In this lab we work with a spam filtering dataset. We will learn how to perform classification tasks using Naive Bayes and Logistic Regression. For this, we will use the the packages introduced in Lab 0, and `scikit-learn` package (`sklearn`): a machine learning library for Python which works with numpy array, and pandas DataFrame objects.

**Please Note**: Throughout this lab we make reference to [`methods`](https://en.wikipedia.org/wiki/Method_%28computer_programming%29) for specific objects e.g. "make use of the predict method of the MultinomialNB classifier". If you get confused, refer to the documentation and just ctrl+f for the object concerned:
* [Scikit-learn API documentation](https://scikit-learn.org/stable/modules/classes.html) 
* [Seaborn API documentation](https://seaborn.github.io/api.html)
* [Matplotlib Pyplot documentation](https://matplotlib.org/stable/api/pyplot_summary.html)
* [Pandas API documentation](https://pandas.pydata.org/pandas-docs/version/1.5.3/reference/index.html)
* [Numpy documentation](https://numpy.org/doc/stable/)
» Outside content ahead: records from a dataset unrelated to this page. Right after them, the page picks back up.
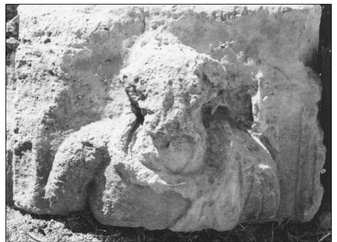
5. Panel from the frieze, Bust of the local male deity in a Zeus type. 'Ammān, Jordan Archaeological Museum.

Hadad-Jupiter; 396, 411 pl. 53a, Tyche with lyre; McKenzie, Gibson and Reyes 2002: 59-60). Again, a clarification of the shown deities is necessary. On the left a bust of Zeus is shown with a thunderbolt behind his left shoulder (FIG. 5). He is to be compared with the male deity of the relief of the cult figures where this deity is depicted as a mixture of the Syrian Hadad and the Greek Zeus (Glueck
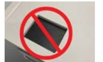
611 No Cutout
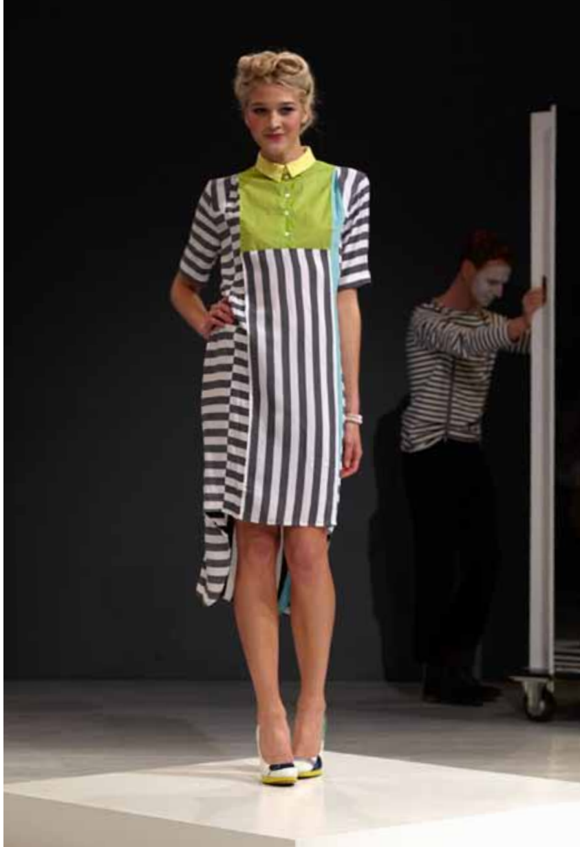
5 SALZIGER HERING
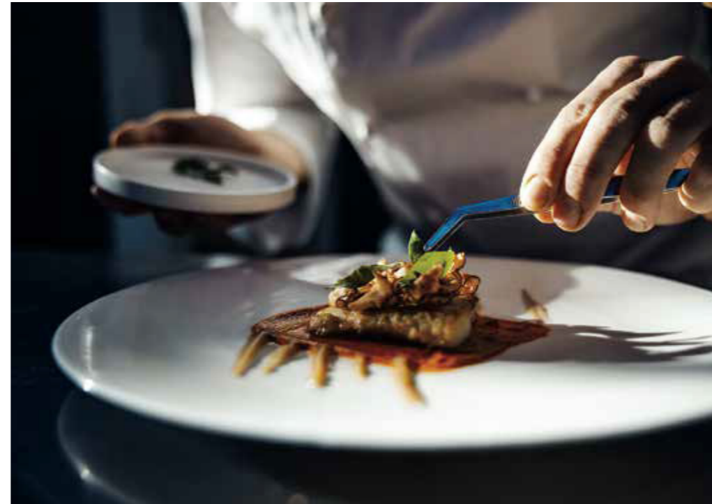
CATERING & PRIVATE CHEF'S TABLE SERVICES From Pan Pacific Hotel, Indigo Hotel, Novotel Hotel
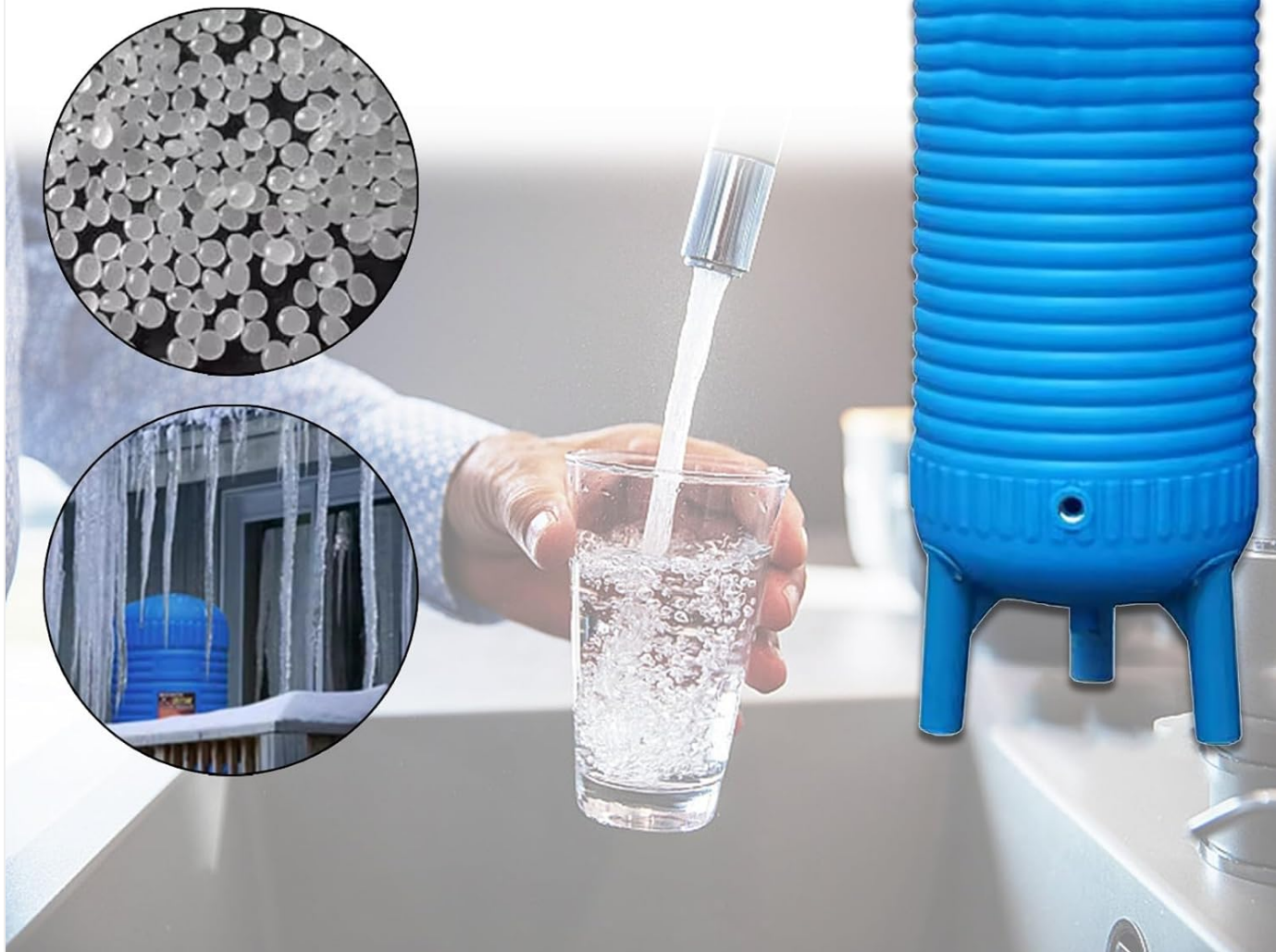
Figure 3: Demonstration of the food-grade PE material, similar to milk bottles, and the tank's freeze-resistant properties in cold conditions.

PE material for drinking water, the same material as milk bottle, safe and odorless; normal use in winter, freeze-resistant, -60^{\circ}\text{C} will not freeze.
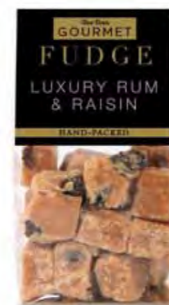
BF306 Barcode: 5060247763064 12 x 150g
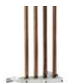
FBS/850HN Busbar ladder insulator for cabinets HDX...
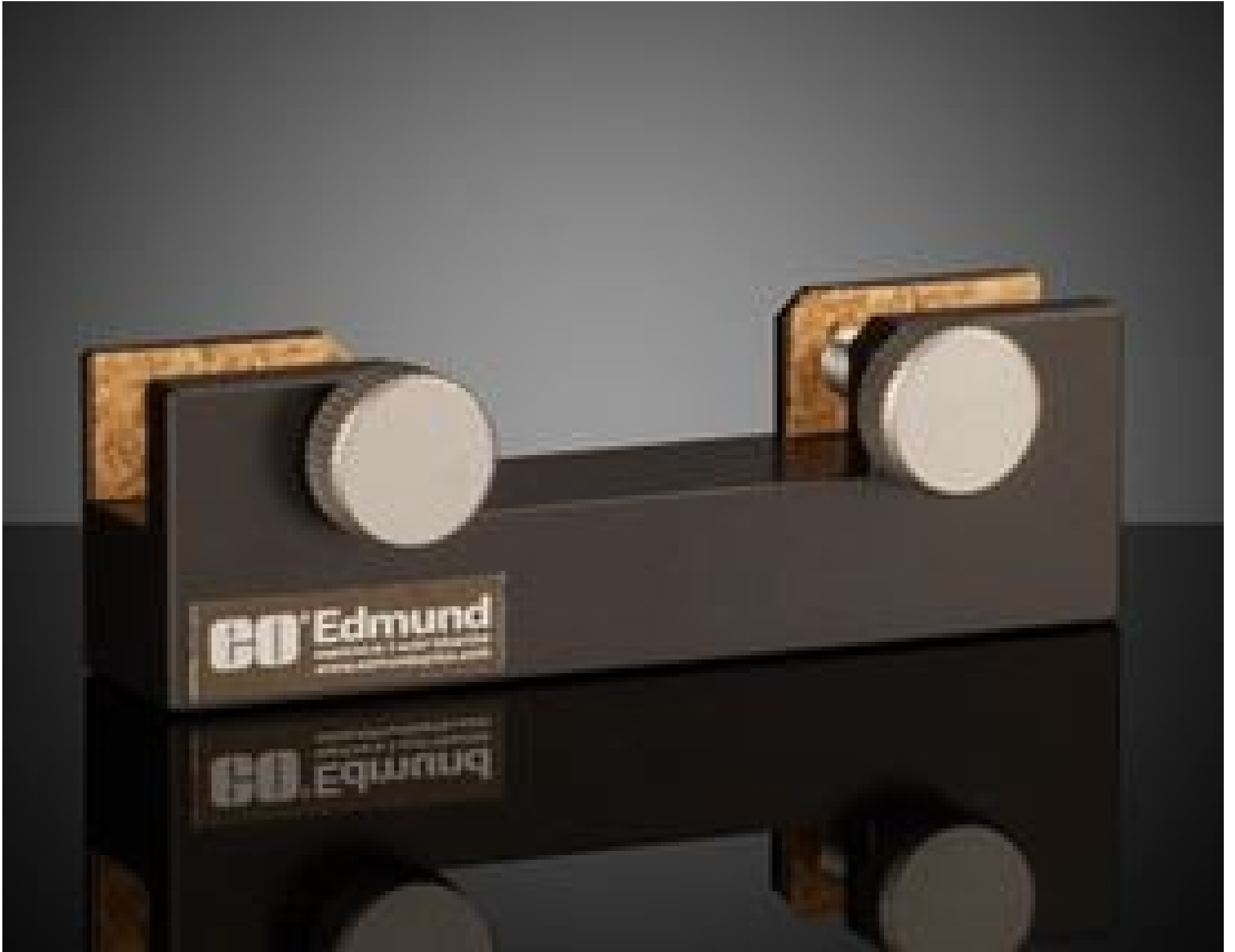
40mm Sq., Fixed Filter Holder
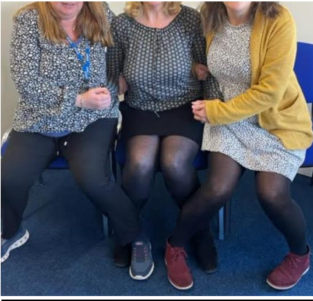
Reference: Seated kicking position 8
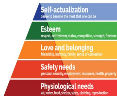
Figure 2. Maslow's Pyramid of Hierarchy of Needs (Maslow, 1943)

In the context of the stages of the CLL method, through the picture above, it can be seen that after the basic needs have been fulfilled, namely physiological needs, the need for feelings of security and comfort will arise. When the needs at the second level are met, namely the need for safety (safety needs), this is where the moment lies where learners will feel ownership and a sense of unification with the environment which is indicated by a sense of connectedness and closeness of relationship with those around them, one of which is the existence of a community or other groups. In other words, this is where the foundation lies why in this stage the CLL method considers the hierarchy of meeting the needs of learners in the learning process where the formation of a learning community will facilitate this.
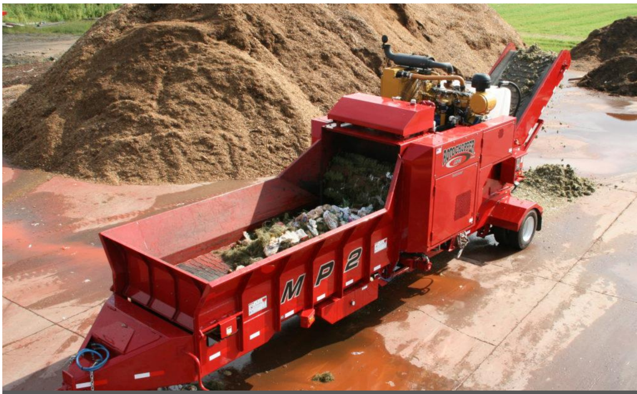
chipping and grinding
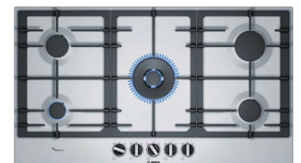
BOSCH 90cm Gas Cooktop
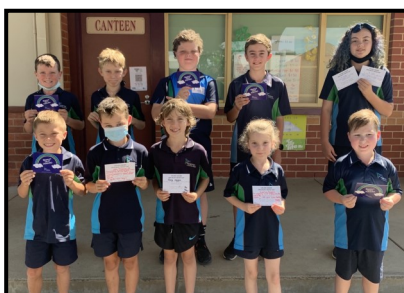
Monday 21st February
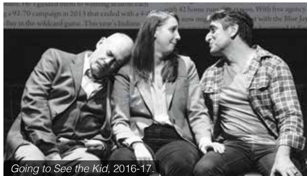
Going to See the Kid , 2016-17.

There are also tonnes of great examples online; googling key words with the word "example" will serve you well. However, note that sometimes examples online will use different version of the packages. 

First, we need to import the packages (run all the code cells as you read along):

In [1]:
# Import packages
import os
import numpy as np
import pandas as pd
import matplotlib.pyplot as plt
import seaborn as sns
from sklearn.naive_bayes import MultinomialNB
from sklearn.linear_model import LogisticRegression
from sklearn.metrics import accuracy_score
%matplotlib inline

*Clarification*:

* The `%matplotlib inline` command is a special ipython [built in magic command](http://ipython.readthedocs.io/en/stable/interactive/magics.html) which forces the matplotlib plots to be rendered within the notebook.

## Spambase dataset

The [Spambase](http://archive.ics.uci.edu/ml/datasets/Spambase) classification dataset consists of tagged emails from a single email account. You should read through the description available for this data to get a feel for what you're dealing with. We have downloaded the dataset for you.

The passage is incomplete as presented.